(TASK DATA Opens)
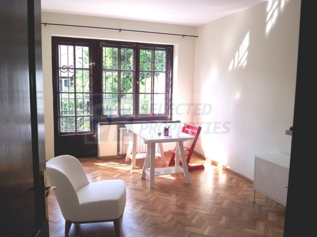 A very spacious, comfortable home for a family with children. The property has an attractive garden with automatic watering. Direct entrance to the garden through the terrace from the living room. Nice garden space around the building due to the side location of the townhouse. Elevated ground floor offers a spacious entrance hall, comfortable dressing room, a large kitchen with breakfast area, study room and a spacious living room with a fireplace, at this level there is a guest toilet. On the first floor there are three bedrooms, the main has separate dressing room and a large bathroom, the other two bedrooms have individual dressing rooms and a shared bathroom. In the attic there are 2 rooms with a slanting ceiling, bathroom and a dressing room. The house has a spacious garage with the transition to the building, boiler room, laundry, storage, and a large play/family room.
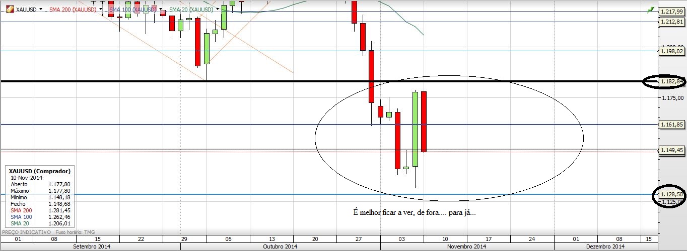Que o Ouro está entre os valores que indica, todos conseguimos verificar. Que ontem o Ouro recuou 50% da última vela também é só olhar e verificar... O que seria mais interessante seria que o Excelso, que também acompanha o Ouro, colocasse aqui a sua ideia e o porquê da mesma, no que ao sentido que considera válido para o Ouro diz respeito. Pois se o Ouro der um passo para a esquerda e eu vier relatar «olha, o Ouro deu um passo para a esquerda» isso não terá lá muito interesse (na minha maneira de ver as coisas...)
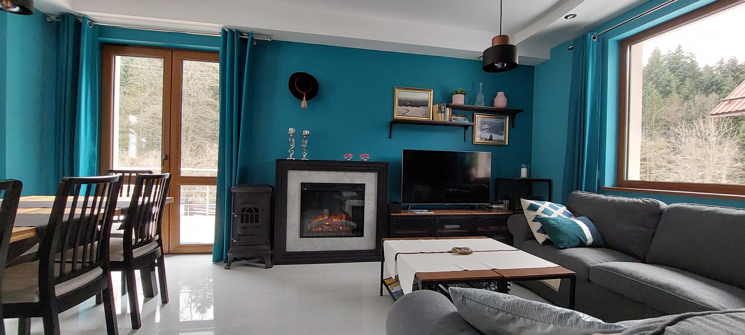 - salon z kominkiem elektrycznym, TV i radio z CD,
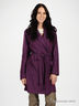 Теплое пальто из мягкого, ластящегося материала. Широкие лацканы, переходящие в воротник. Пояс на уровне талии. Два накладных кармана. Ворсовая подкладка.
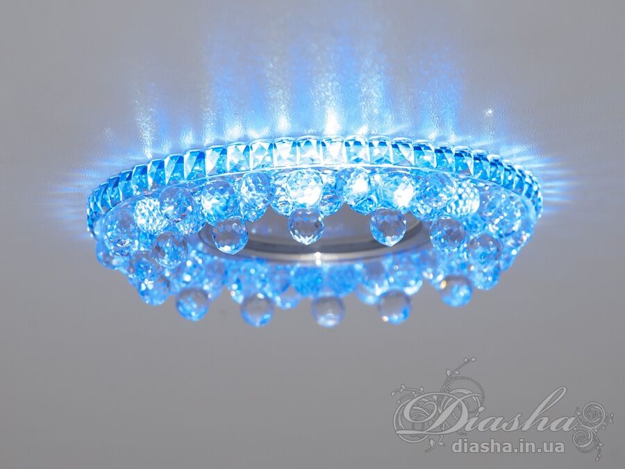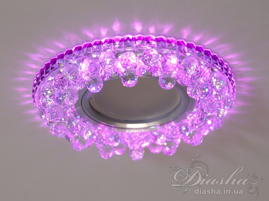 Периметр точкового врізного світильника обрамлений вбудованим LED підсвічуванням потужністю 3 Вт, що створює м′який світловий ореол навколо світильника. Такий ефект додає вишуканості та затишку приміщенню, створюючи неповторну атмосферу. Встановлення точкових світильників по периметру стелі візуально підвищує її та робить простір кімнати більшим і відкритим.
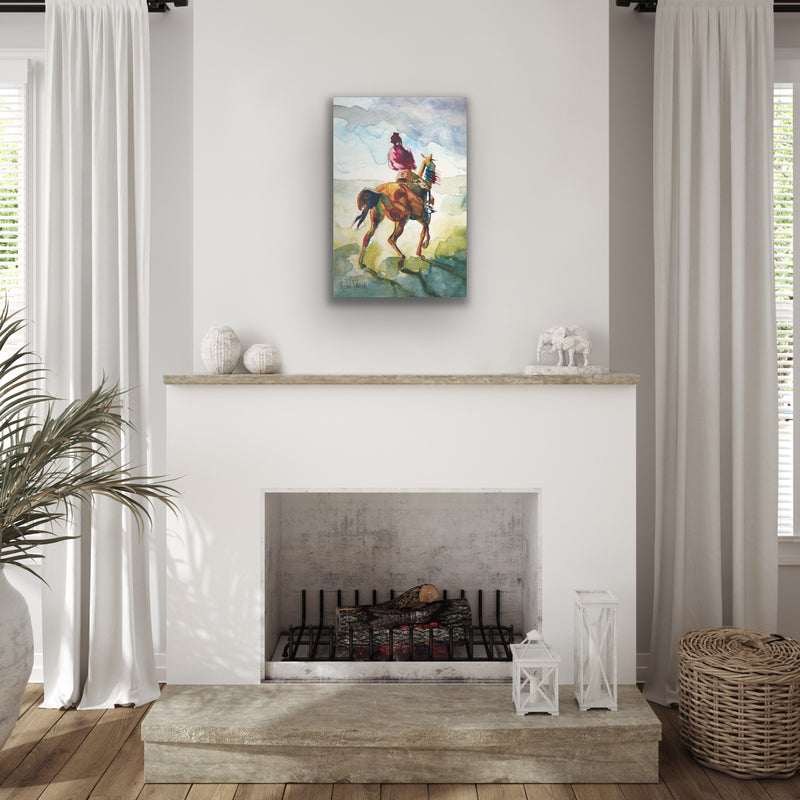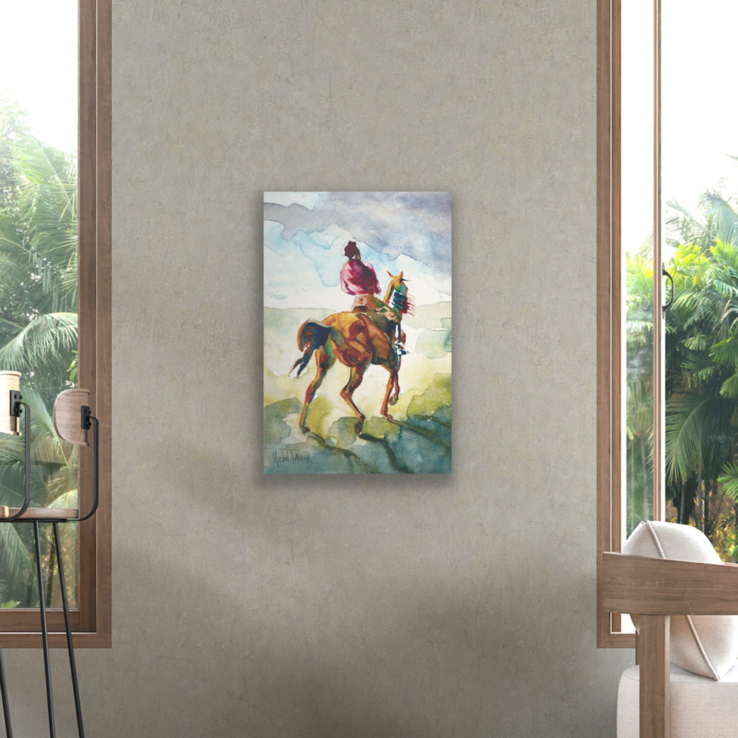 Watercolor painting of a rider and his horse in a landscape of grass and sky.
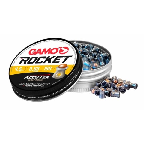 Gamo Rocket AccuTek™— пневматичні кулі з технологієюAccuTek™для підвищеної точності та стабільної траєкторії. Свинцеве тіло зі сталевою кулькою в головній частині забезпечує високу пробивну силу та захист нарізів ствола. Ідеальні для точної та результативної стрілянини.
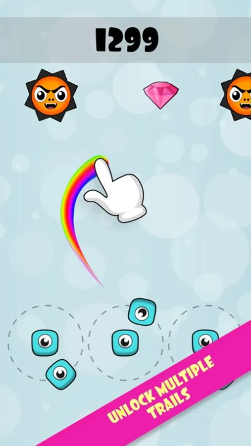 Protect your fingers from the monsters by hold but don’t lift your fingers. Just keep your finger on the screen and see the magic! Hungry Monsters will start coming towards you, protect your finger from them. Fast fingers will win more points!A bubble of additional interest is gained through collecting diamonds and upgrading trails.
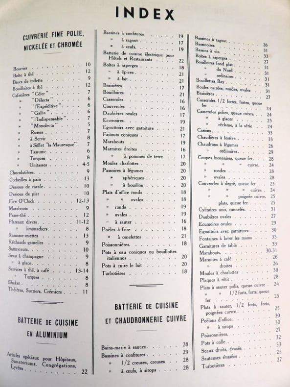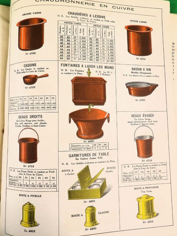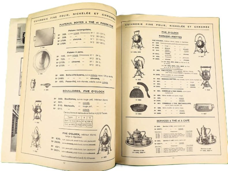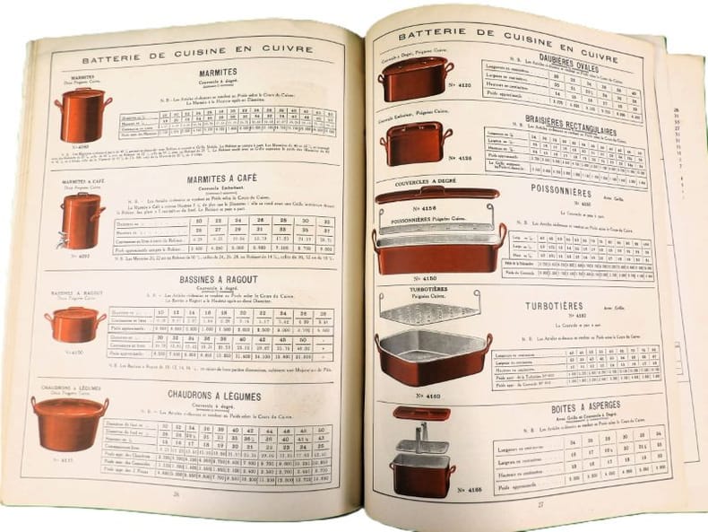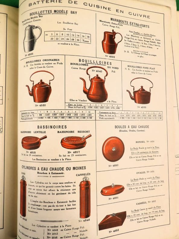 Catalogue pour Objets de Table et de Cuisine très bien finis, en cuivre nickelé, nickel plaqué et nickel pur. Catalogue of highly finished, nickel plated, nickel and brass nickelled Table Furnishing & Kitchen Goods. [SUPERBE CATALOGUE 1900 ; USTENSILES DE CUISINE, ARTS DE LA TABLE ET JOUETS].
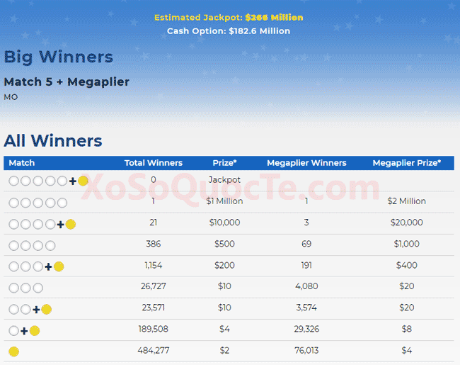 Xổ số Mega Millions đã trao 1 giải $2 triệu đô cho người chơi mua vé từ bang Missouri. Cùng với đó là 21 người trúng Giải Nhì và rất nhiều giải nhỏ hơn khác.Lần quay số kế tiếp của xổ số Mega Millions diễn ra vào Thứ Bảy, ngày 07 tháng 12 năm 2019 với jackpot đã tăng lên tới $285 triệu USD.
(TASK DATA Closes)
__WHAT YOU NEED TO DO__
The reply needs to repeat exactly the line containing "Теплое пальто из" and each line after it, through the final line of the entries above, and to skip the pictures.

__SOLUTION BELOW__
 Теплое пальто из мягкого, ластящегося материала. Широкие лацканы, переходящие в воротник. Пояс на уровне талии. Два накладных кармана. Ворсовая подкладка.
 Периметр точкового врізного світильника обрамлений вбудованим LED підсвічуванням потужністю 3 Вт, що створює м′який світловий ореол навколо світильника. Такий ефект додає вишуканості та затишку приміщенню, створюючи неповторну атмосферу. Встановлення точкових світильників по периметру стелі візуально підвищує її та робить простір кімнати більшим і відкритим.
 Watercolor painting of a rider and his horse in a landscape of grass and sky.
 Gamo Rocket AccuTek™— пневматичні кулі з технологієюAccuTek™для підвищеної точності та стабільної траєкторії. Свинцеве тіло зі сталевою кулькою в головній частині забезпечує високу пробивну силу та захист нарізів ствола. Ідеальні для точної та результативної стрілянини.
 Protect your fingers from the monsters by hold but don’t lift your fingers. Just keep your finger on the screen and see the magic! Hungry Monsters will start coming towards you, protect your finger from them. Fast fingers will win more points!A bubble of additional interest is gained through collecting diamonds and upgrading trails.
 Catalogue pour Objets de Table et de Cuisine très bien finis, en cuivre nickelé, nickel plaqué et nickel pur. Catalogue of highly finished, nickel plated, nickel and brass nickelled Table Furnishing & Kitchen Goods. [SUPERBE CATALOGUE 1900 ; USTENSILES DE CUISINE, ARTS DE LA TABLE ET JOUETS].
 Xổ số Mega Millions đã trao 1 giải $2 triệu đô cho người chơi mua vé từ bang Missouri. Cùng với đó là 21 người trúng Giải Nhì và rất nhiều giải nhỏ hơn khác.Lần quay số kế tiếp của xổ số Mega Millions diễn ra vào Thứ Bảy, ngày 07 tháng 12 năm 2019 với jackpot đã tăng lên tới $285 triệu USD.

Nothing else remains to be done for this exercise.